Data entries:
[Start of section]
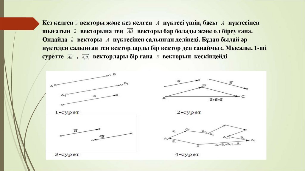 нүктеден салынған тең векторларды бір вектор деп санаймыз. Мысалы, 1-ші
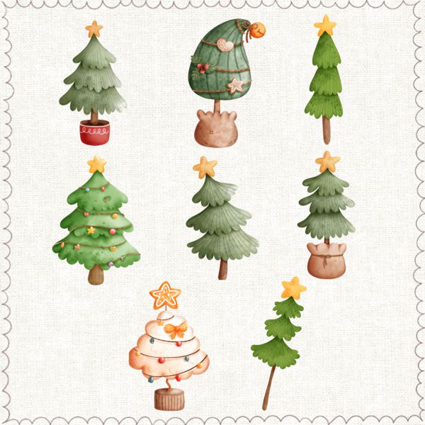 Puedes usar varios pinos juntos para crear una escena invernal, o recortarlos individualmente para adornos, etiquetas, mini cuadros o composiciones textiles.
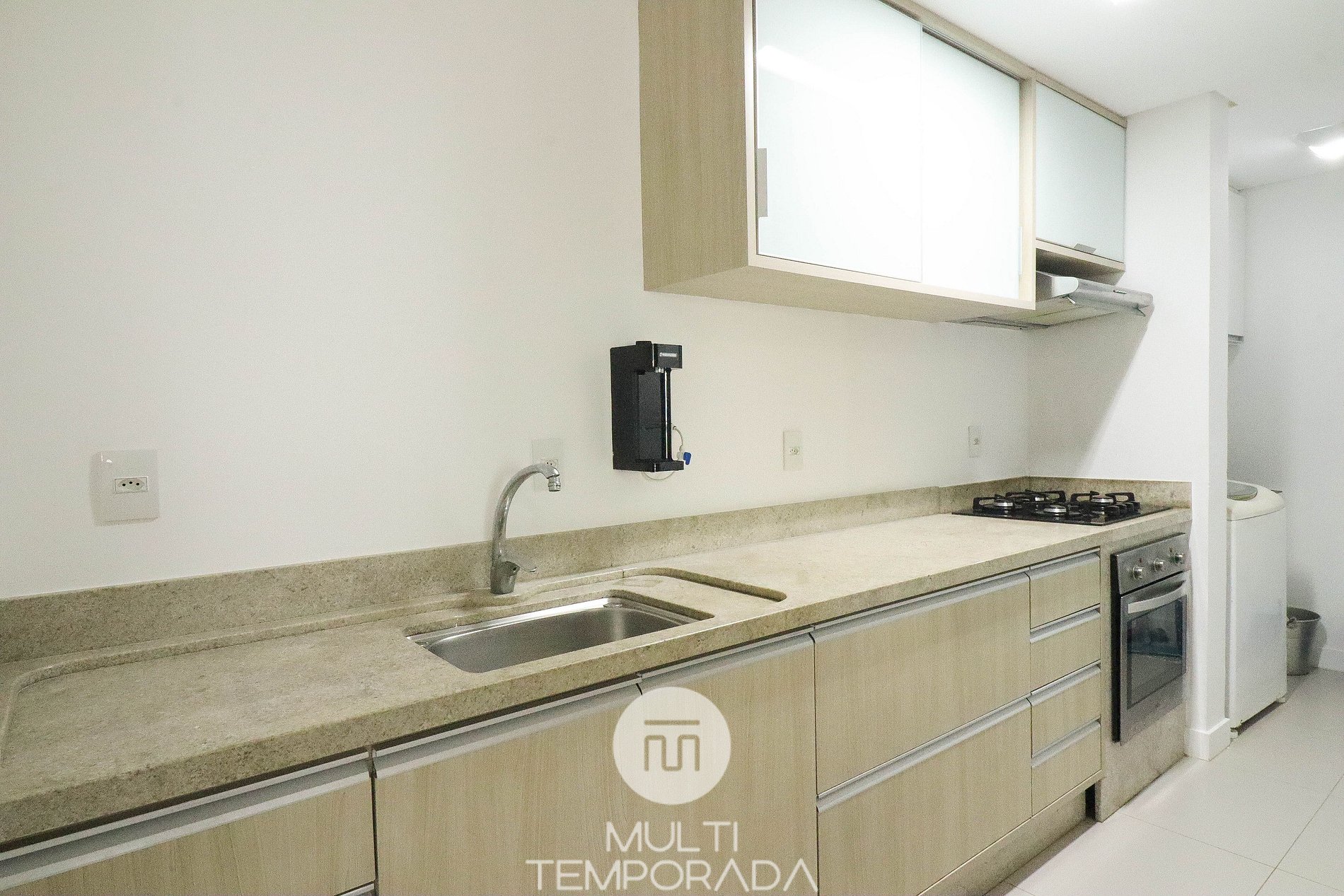Beautiful apartment, 200 meters from the beach, consisting of two bedrooms, one suite with double bed and air conditioning, a bedroom with double bed and air conditioning, guest bathroom, balcony with barbecue and sink, full kitchen, living area service with tank. It has a parking space and has Wi-Fi.
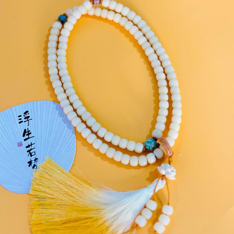 Compra 108 cuentas de rosario Pulsera de cuentas de Bodhi de Jade Blanco Pulsera de raíz de Bodhi de múltiples vueltas Semillas de Bodhi Cuentas portátiles Suministro en vivo al por mayor en Joom.pro
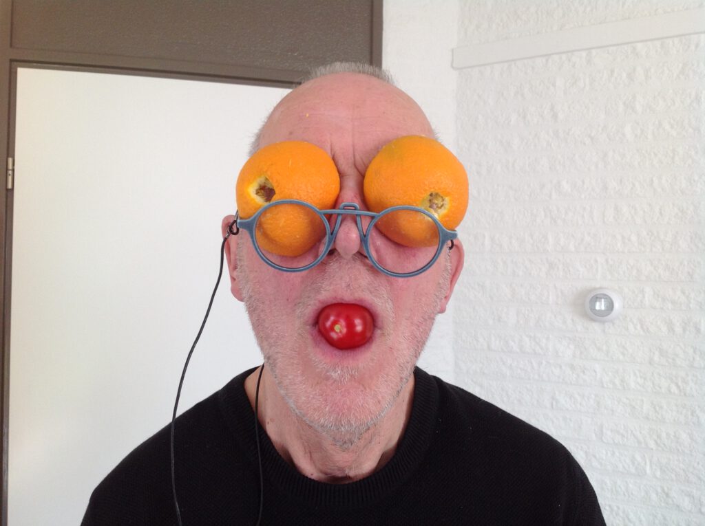 Koekenbier leent zich uitstekend om al onze fotografische werken naar voren te gaan brengen. Geregeld is de uitsmijter van de avond een persoon, die zo zijn eigen interpretaties naar voren weet te brengen. Een kunstenaar in hart en nieren die geregeld een ander pad volgt dan gangbaar is. Die ook in staat is om een figuurlijk gezegde letterlijk in een beeld weet om te zetten. Neem nu bijvoorbeeld een ‘oogappel’ voor ogen. En kijk niet vreemd op wanneer hij in staat blijkt te zijn om letterlijk met dit voorbeeld aan de haal te gaan. Zijn naam: Kees Oosterbaan. En wanneer Kees de draak steekt met wat anderen totaal anders naar voren weten te brengen, weet hij ons aan alle kanten te vermaken. Voorbeelden te over en zijn uitleg ten aanzien van zijn werk zorgt geregeld voor een applaus. Waarbij hij probeert om zijn verlegenheid ook nog eens te relativeren. Zijn stelregel is dat ook anderen over voldoende creativiteit beschikken, alleen dit niet altijd naar voren weten te brengen. Het is als het ware een drempel waar je overheen moet gaan stappen en schijt dient et hebben aan ‘Dronken Naatje.’ Bekend van ooit een beeld in Amsterdam.
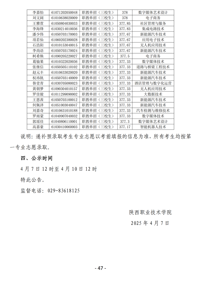 递补预录取的考生于4月8日上午8:00至4月10日中午12:00期间在我校白鹿原校区办公楼108办公室(招生办)刷身份证办理报到注册手续,逾期视为自动放弃我校递补预录取资格。
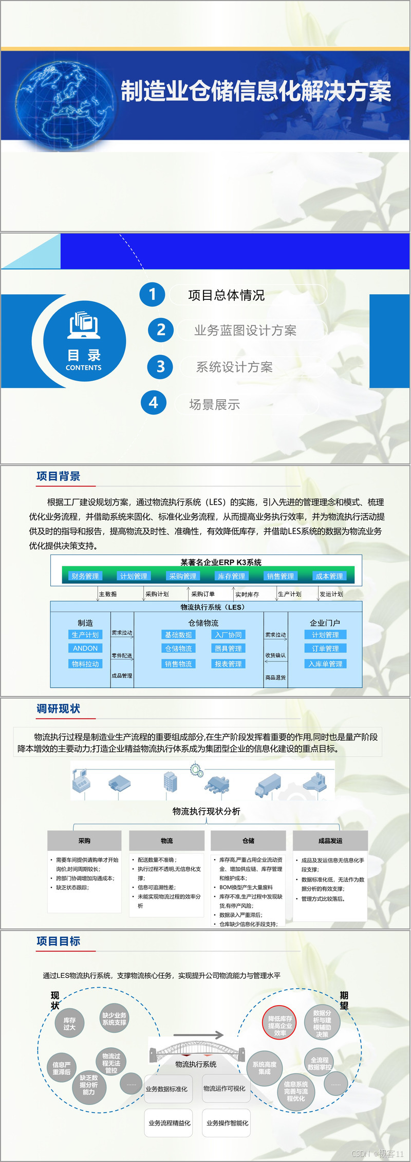 从项目背景来看,制造业物流执行环节普遍面临效率瓶颈:采购周期长且跨部门协调成本高,配送数量不准且过程不透明,库存积压严重且数据滞后,成品发运缺乏信息化支撑。为此,方案提出通过 LES 系统实施,梳理并固化业务流程,提升物流及时性与准确性,降低库存成本,并为决策优化提供数据支持,形成 “流程精益化、数据标准化、运作可视化、操作智能化” 的四大目标。
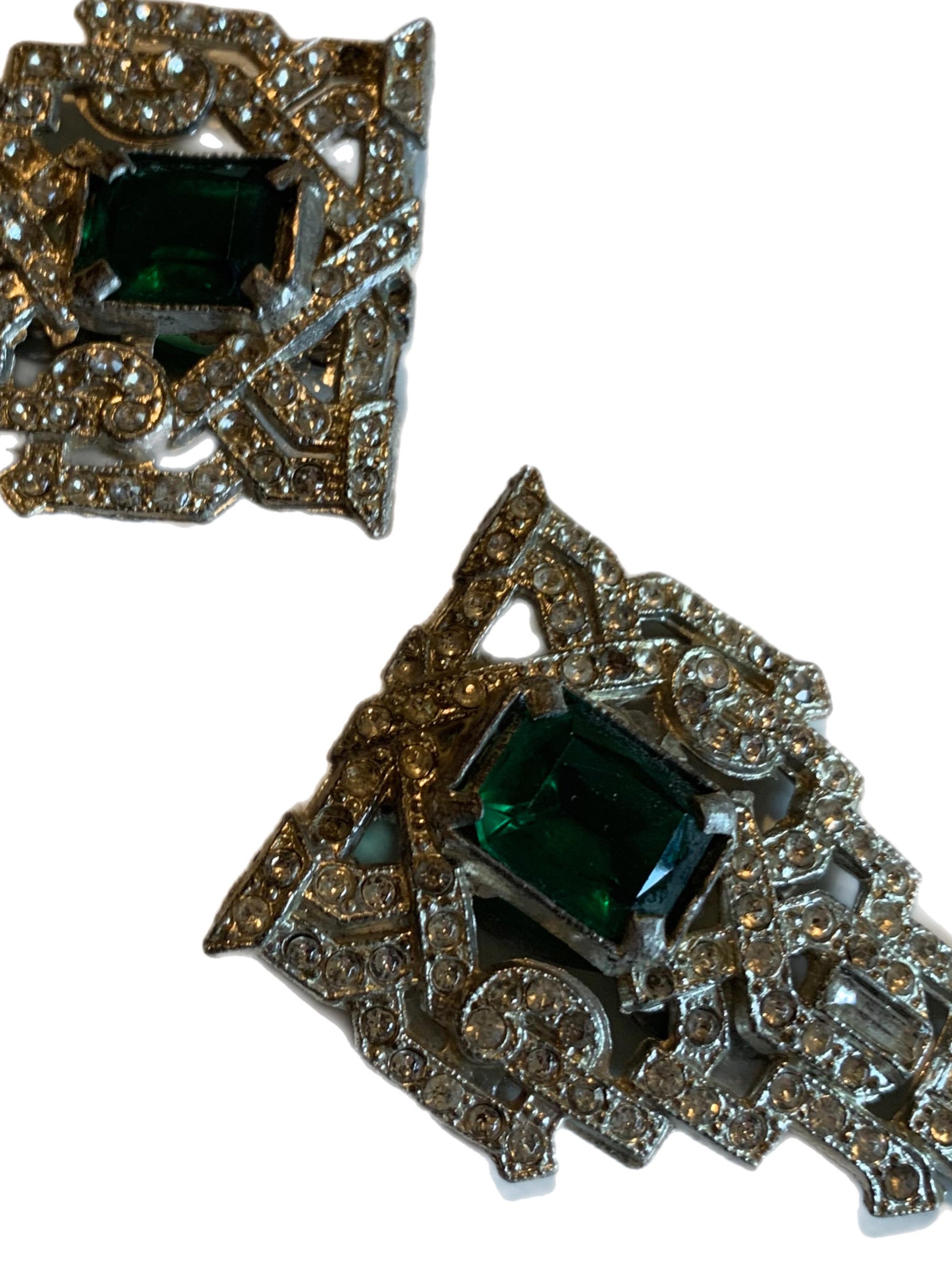 Emerald Green Glass and Rhinestones Set of Fur Clips circa 1930s
[End of section]
When you repeat the data, keep every line exact and drop the images.

▸ Output of the task
 нүктеден салынған тең векторларды бір вектор деп санаймыз. Мысалы, 1-ші
 Puedes usar varios pinos juntos para crear una escena invernal, o recortarlos individualmente para adornos, etiquetas, mini cuadros o composiciones textiles.
Beautiful apartment, 200 meters from the beach, consisting of two bedrooms, one suite with double bed and air conditioning, a bedroom with double bed and air conditioning, guest bathroom, balcony with barbecue and sink, full kitchen, living area service with tank. It has a parking space and has Wi-Fi.
 Compra 108 cuentas de rosario Pulsera de cuentas de Bodhi de Jade Blanco Pulsera de raíz de Bodhi de múltiples vueltas Semillas de Bodhi Cuentas portátiles Suministro en vivo al por mayor en Joom.pro
 Koekenbier leent zich uitstekend om al onze fotografische werken naar voren te gaan brengen. Geregeld is de uitsmijter van de avond een persoon, die zo zijn eigen interpretaties naar voren weet te brengen. Een kunstenaar in hart en nieren die geregeld een ander pad volgt dan gangbaar is. Die ook in staat is om een figuurlijk gezegde letterlijk in een beeld weet om te zetten. Neem nu bijvoorbeeld een ‘oogappel’ voor ogen. En kijk niet vreemd op wanneer hij in staat blijkt te zijn om letterlijk met dit voorbeeld aan de haal te gaan. Zijn naam: Kees Oosterbaan. En wanneer Kees de draak steekt met wat anderen totaal anders naar voren weten te brengen, weet hij ons aan alle kanten te vermaken. Voorbeelden te over en zijn uitleg ten aanzien van zijn werk zorgt geregeld voor een applaus. Waarbij hij probeert om zijn verlegenheid ook nog eens te relativeren. Zijn stelregel is dat ook anderen over voldoende creativiteit beschikken, alleen dit niet altijd naar voren weten te brengen. Het is als het ware een drempel waar je overheen moet gaan stappen en schijt dient et hebben aan ‘Dronken Naatje.’ Bekend van ooit een beeld in Amsterdam.
 递补预录取的考生于4月8日上午8:00至4月10日中午12:00期间在我校白鹿原校区办公楼108办公室(招生办)刷身份证办理报到注册手续,逾期视为自动放弃我校递补预录取资格。
 从项目背景来看,制造业物流执行环节普遍面临效率瓶颈:采购周期长且跨部门协调成本高,配送数量不准且过程不透明,库存积压严重且数据滞后,成品发运缺乏信息化支撑。为此,方案提出通过 LES 系统实施,梳理并固化业务流程,提升物流及时性与准确性,降低库存成本,并为决策优化提供数据支持,形成 “流程精益化、数据标准化、运作可视化、操作智能化” 的四大目标。
 Emerald Green Glass and Rhinestones Set of Fur Clips circa 1930s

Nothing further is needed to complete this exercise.